Keeping Urban Chickens and the Law

Urban chicken keeping is quite popular, your neighbors might even have chickens and you don’t even know it! Chickens are quiet, it’s roosters that are loud and become the neighborhood nuisance. Every city has laws pertaining to keeping backyard chickens, but they are seldom if ever enforced unless there’s a complaint. So, no roosters!

There has to be laws, and be glad there are, nobody wants to have a neighbor with a gazillion birds  stinking up the neighborhood. But I can assure you there aren’t any chicken police knocking on doors of keepers having a few birds responsibly kept in a clean and secure environment.

Let’s be realistic, if you live in a suburban subdivision where the houses are only a few feet apart and you pay an HOA – keeping chickens is definitely a bad choice. Keeping chickens under the radar is also a bad idea, you could have your chickens confiscated by authorities, be fined, or both. However, if keeping chickens is allowed in your city and you have a spacious, private, and fenced back yard, a few hens won’t cause a disturbance. But, there are still rules and unwritten laws to follow.

Your hens should be completely out of sight from all neighbors and the public. That means building a privacy fence or planting bushes that add appeal to your property. It’s never a good idea to draw attention to the fact you are keeping chickens as not everybody will graciously welcome them. Many people believe they harbor disease, smell, attract flies, rodents, and the list goes on and on. You should have enough space for your hens to be confined in a fenced area attached to a coop or shelter.

My personal rule of thumb is to keep birds no less than 40 feet from your neighbors house, even if the ordinance in your city requires less.  If you can do this, there shouldn’t be a problem with neighbors unless you fail to keep them clean or confined.

Remember, the law may give you the right to keep chickens, but nuisance laws give your neighbors the same right to say you can’t. Be responsible, clean, and maintain your small flock with integrity.

Phoenix, Arizona  Ordinance Sec. 8

Author: amy elizabeth

Writer, Author, Artist, Chicken Keeping Resource Blogger

3 thoughts on “Keeping Urban Chickens and the Law”

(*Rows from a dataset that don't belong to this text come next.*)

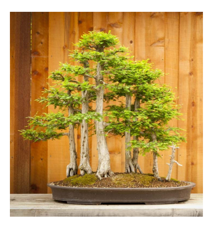
Bald Cypress as a forest planting Immature "Gradually Tapered" Typical Form

As you can see, they adapt very well to a variety of styles.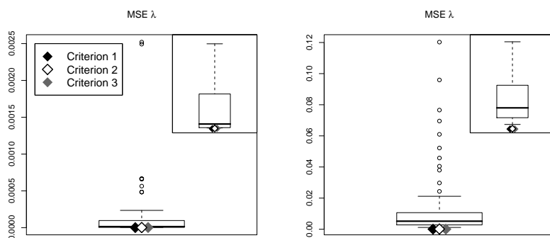
FIG 1. Box-plot of the MSE_{fs} of all possible m in fixed strategy together with the MSE_{ms} of three criteria in Model 1 with g(\lambda) = \lambda for \lambda = 1 (left) and \lambda = 20 (right); black diamond for the first criterion, white diamond for the second criterion and grey diamond for the third.

The mean square errors for the fixed strategy and the modulated strategy for g(\lambda) = \lambda are presented in figure 1 with \lambda = 1 on the left and \lambda = 20 on the right. Black, white and grey diamonds correspond to the first, second and the third criteria respectively for the modulated strategy. The box-plots give results for the fixed strategy when all possibilities of fixed m are considered. Box-plots without outliers (extreme MSEs) are presented in the top right corner of each graphic. We observe that mean square errors are greater for \lambda = 20 as data variability is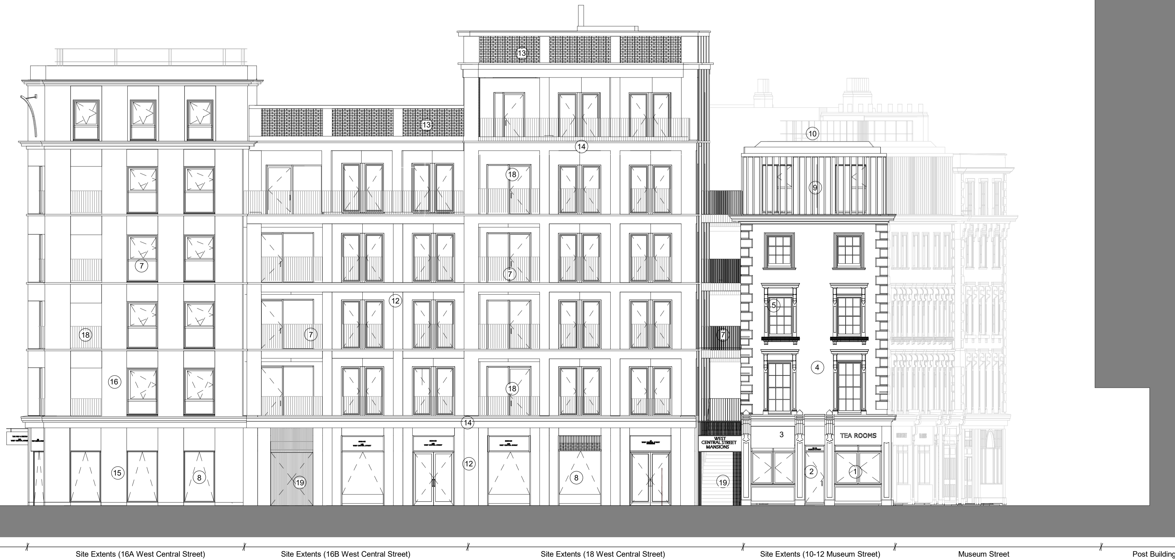
2 West Central Street - Proposed South East Elevation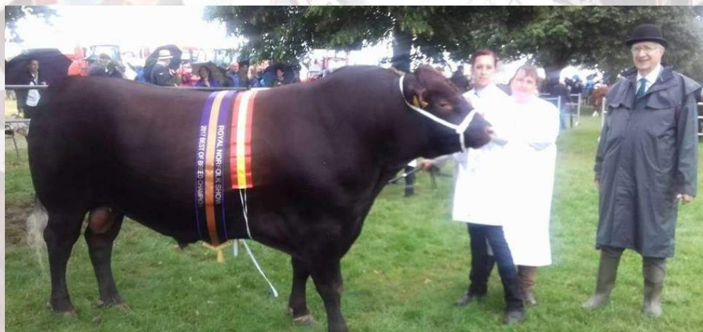
National Show Champion Bull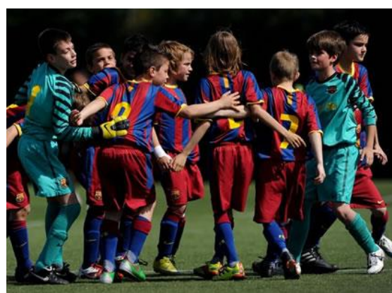
Barcelona's academy trains players as young as six

One of these exceptions (Article 19:2a) states that the transfer of a minor is acceptable if one or more of the player's parents move to the destination country for reasons "not linked to football".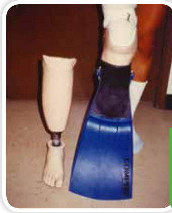
This amputee quickly removes a walking prosthesis, which has a special custom inner socket onto which a fin can then be slipped.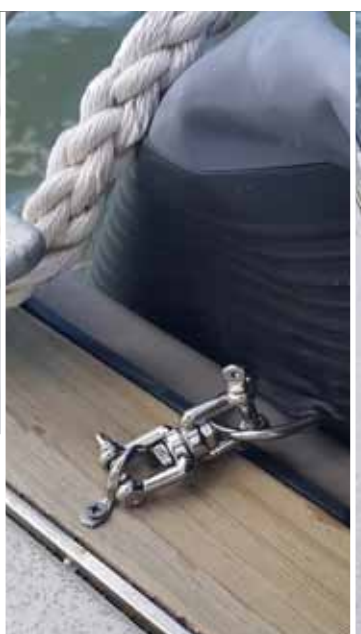
Fixing kits. For Protector and Slimline fenders are sold separately. 1 x set per fender.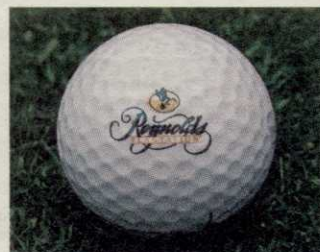
Reynolds Plantation Greensboro, GA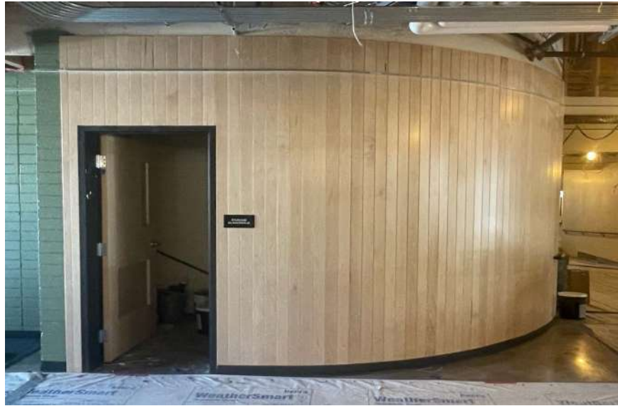
Tongue and Groove Wall Covering at the Admin Area of TRAILS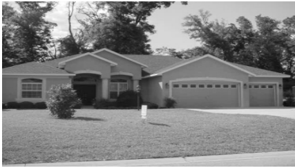
3 Bedrooms, 2 Baths, 2-car Garage 2,135 sf la—Priced at $288,000 Call Yulee Commander GP/060

  1. Boy, I would love to keep chickens but if I followed your advice, I wouldn’t be able to. However, it seems that it’s OK for my neighbors dogs and cats to run free and cr*p all over my yard and vegetable garden, not to mention the stink and flies their gift attracts! I’ve called animal control and emailed them until I was blue in the face. It took a few years, that’s right, years, before they finally got the dog problem solved. Now, it’s the cats who roam free. It isn’t the animals that are the problem, it’s the owners.

    1. I know a fence can be an investment, but in this case it may prove a worthy one. It wouldn’t solve anything with cats, but a dog on your side of the fence would take care of that. We put up a 7 foot perimeter block fence, not much gets over that, and if my neighbors want to snoop they’ll need a ladder. ha ha

      1. I put up a chain link fence on the back of my property because the neighbor I had back there allowed his dog, the size of a pony (named “Baby”) to come over to my yard and do his business. The fencing on the east and west side of my property belongs to my neighbors and had been fine up until last year when my “east” neighbor decided to take her fencing down because she said it was infested with termites. Now she ties her dog up in her yard. On the “west” side of me I think the house is abandoned. The fence is slowly falling apart. A tree from that yard fell on my property and damaged my chain link fence and part of their wood fence. I brought it to the attention of the neighbors I had when the house was occupied. She had some of the branches removed but left the area a mess. She and her husband have since died. If my “east” neighbor’s dog doesn’t keep the cats away, what makes you think me owning a dog would work? I would probably end up with a dog barking it’s head off at the cats. No thanks! And, why would I want to continue shelling out money for fencing that my irresponsible, obnoxious neighbors would also benefit from? Again, no thanks. Once was enough.